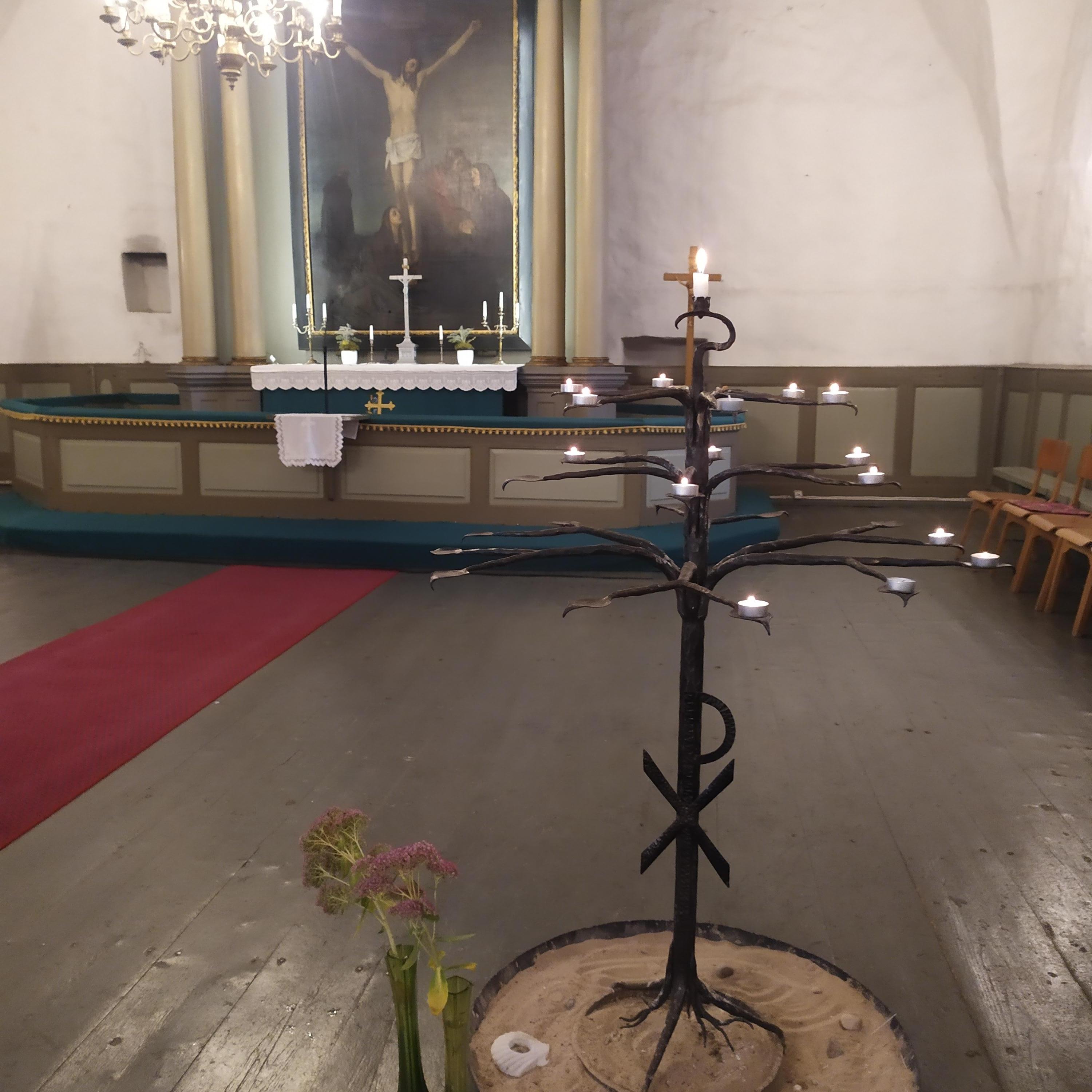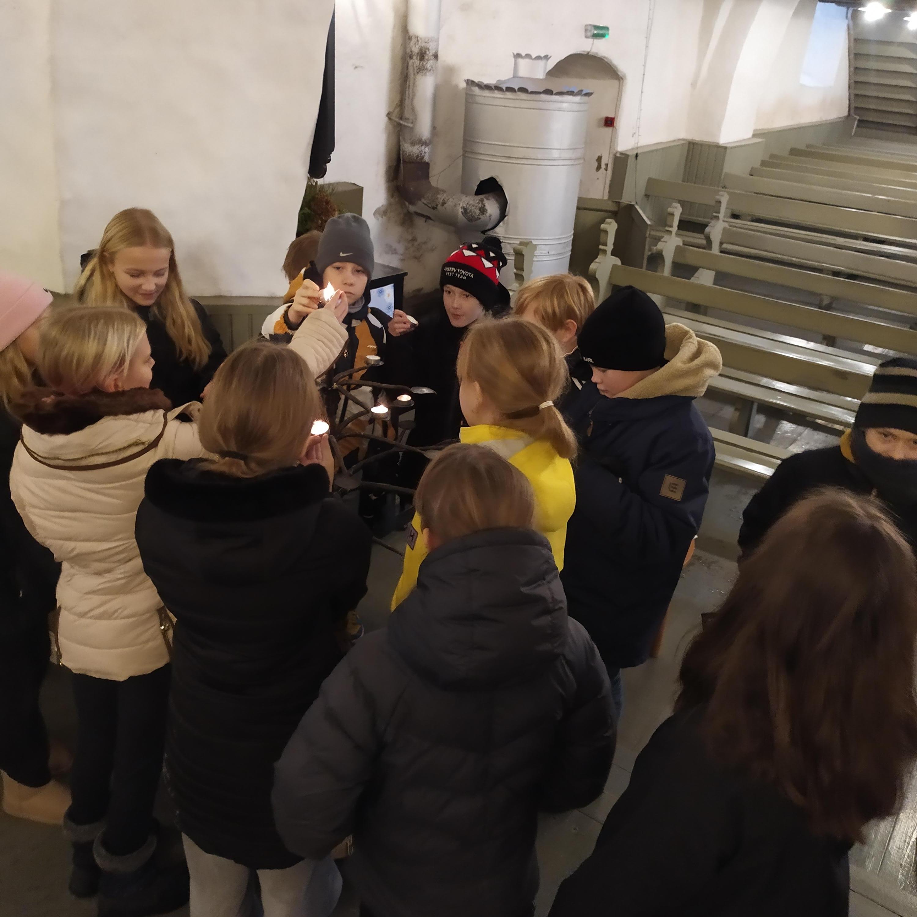 Epp Sokk tegi lühitutvustuse kiriku ajaloost, sisustusest ja olemusest. Lapsed kuulasid huviga. Saime süüdata küünlad hea sooviga ja ronida ka kiriku võlvidel.
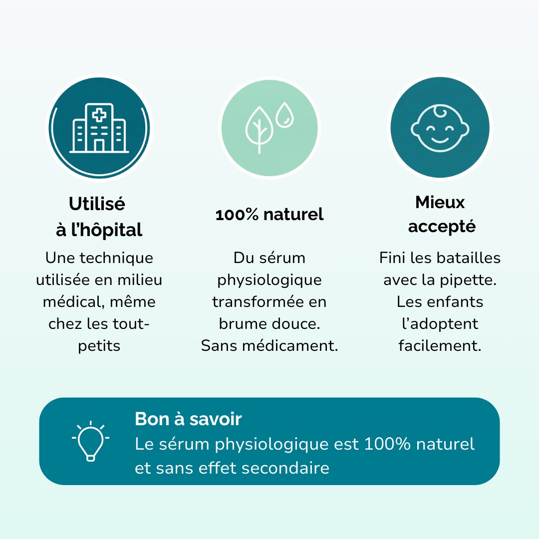 Le nébuliseur diffuse simplement de l’eau physiologique : une solution stérile, sans médicament et sans danger, composée d’eau et de sel adaptés au corps du bébé.
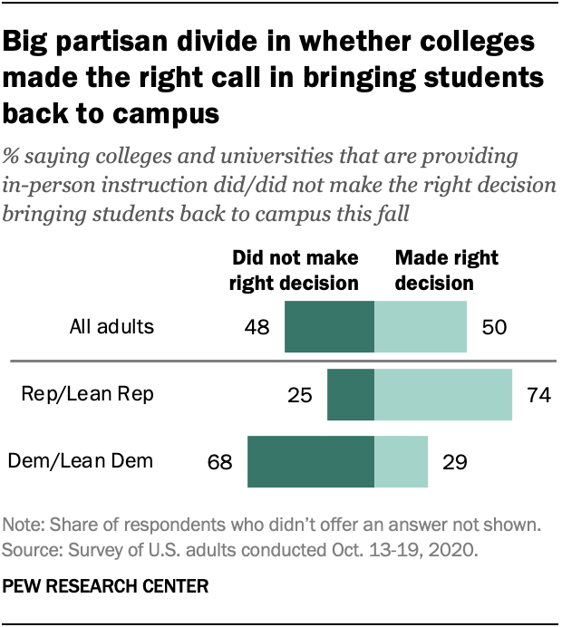 Party divide in views of higher ed persists: Republicans & Democrats are deeply divided over whether colleges made the right call in bringing students back to campus during a pandemic https://pewrsr.ch/2HCVcA0 pic.twitter.com/RfcAinzufW
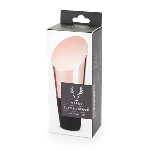 Eye-catching copper with a smooth silicone sleeve puts our heavyweight bottle stopper in center stage. Seemingly austere in shape, the slanted crown and burnished metal suggest an opulence that transcends the average tavern contrivance. Hand Wash Only
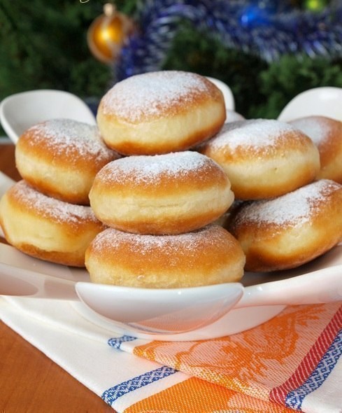 5. Then take the dough and roll it out to a thickness of 1 cm. Cut out circles with a glass or cup. Fry in a cauldron, the oil should be enough, they should float in it, so they don’t touch the bottom. Fry in hot oil!)
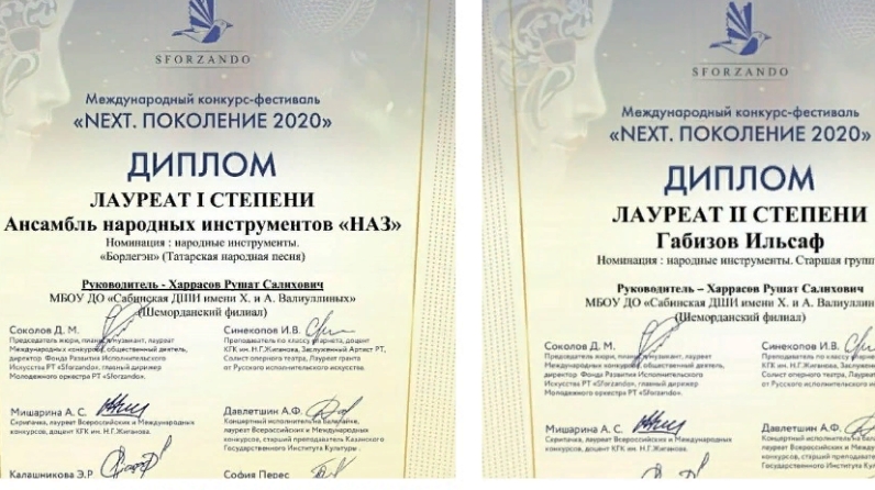 Шулай ук 25-30 апрель көннәрендә " NEXT.Поколение 2020 " халыкара фестиваль-конкурсы читтән торып үткәрелде.Әлеге конкурста Саба балалар сәнгать мәктәбенең Шәмәрдән филиалы укучылары һәм "Яшьлек" бию коллективы катнашып, түбәндәге нәтиҗәләргә иреште:
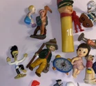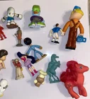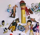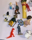 This vintage toy lot includes various small figures and parts from popular cartoon and TV characters such as Cracker Jack, TMNT, Hanna Barbera, Little Tikes, Fisher Price, and more. With over 22 pieces in the lot, there is something for collectors of all ages. These toys were manufactured in the 1970s to 2000s and are a great addition to any collection. The lot does not come with packaging, but each item is an original and licensed reproduction. Whether you are a fan of vintage toys or just starting your collection, this lot is sure to bring back memories of your childhood.
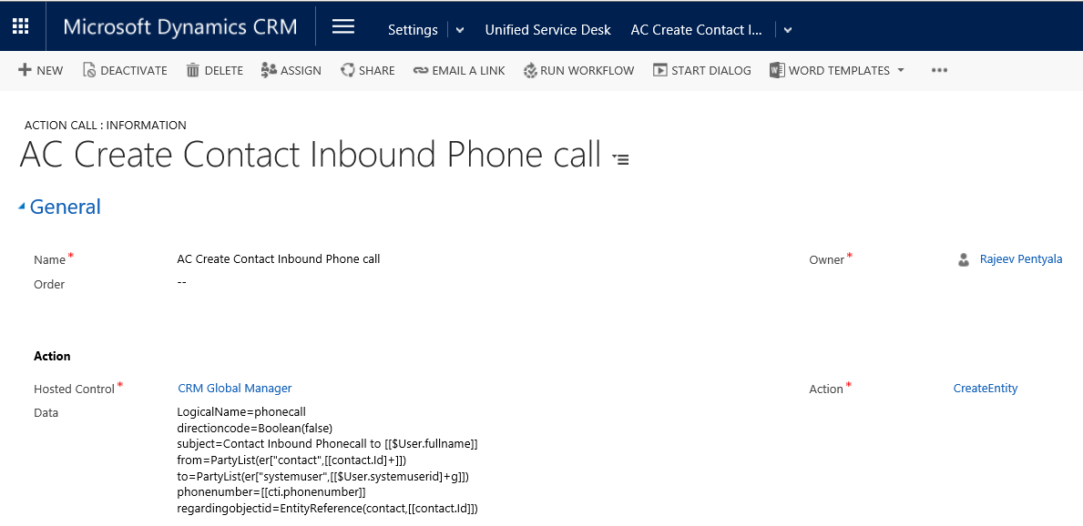 - Now coming back to our requirement, we need to create an “Incoming Phone Call” for the matched ‘Contact’, which got opened in USD.
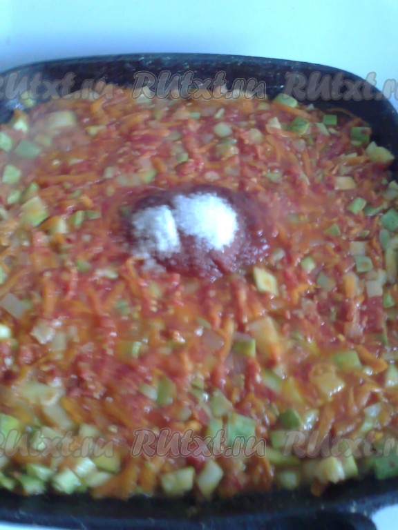 К обжаренным овощам добавить кабачки, посолить по вкусу, перемешать и готовить на среднем огне до мягкости (около 5 минут), периодически помешивая.
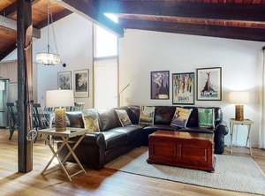 and large flat-screen TV. Upstairs, the first bedroom features a queen bed

::::::::::

• **What the exercise asks**
Print, exactly as written, the lines above from the first one to the one containing "- Now coming". Leave out pictures.

• **Solution**
 Epp Sokk tegi lühitutvustuse kiriku ajaloost, sisustusest ja olemusest. Lapsed kuulasid huviga. Saime süüdata küünlad hea sooviga ja ronida ka kiriku võlvidel.
 Le nébuliseur diffuse simplement de l’eau physiologique : une solution stérile, sans médicament et sans danger, composée d’eau et de sel adaptés au corps du bébé.
 Party divide in views of higher ed persists: Republicans & Democrats are deeply divided over whether colleges made the right call in bringing students back to campus during a pandemic https://pewrsr.ch/2HCVcA0 pic.twitter.com/RfcAinzufW
 Eye-catching copper with a smooth silicone sleeve puts our heavyweight bottle stopper in center stage. Seemingly austere in shape, the slanted crown and burnished metal suggest an opulence that transcends the average tavern contrivance. Hand Wash Only
 5. Then take the dough and roll it out to a thickness of 1 cm. Cut out circles with a glass or cup. Fry in a cauldron, the oil should be enough, they should float in it, so they don’t touch the bottom. Fry in hot oil!)
 Шулай ук 25-30 апрель көннәрендә " NEXT.Поколение 2020 " халыкара фестиваль-конкурсы читтән торып үткәрелде.Әлеге конкурста Саба балалар сәнгать мәктәбенең Шәмәрдән филиалы укучылары һәм "Яшьлек" бию коллективы катнашып, түбәндәге нәтиҗәләргә иреште:
 This vintage toy lot includes various small figures and parts from popular cartoon and TV characters such as Cracker Jack, TMNT, Hanna Barbera, Little Tikes, Fisher Price, and more. With over 22 pieces in the lot, there is something for collectors of all ages. These toys were manufactured in the 1970s to 2000s and are a great addition to any collection. The lot does not come with packaging, but each item is an original and licensed reproduction. Whether you are a fan of vintage toys or just starting your collection, this lot is sure to bring back memories of your childhood.
 - Now coming back to our requirement, we need to create an “Incoming Phone Call” for the matched ‘Contact’, which got opened in USD.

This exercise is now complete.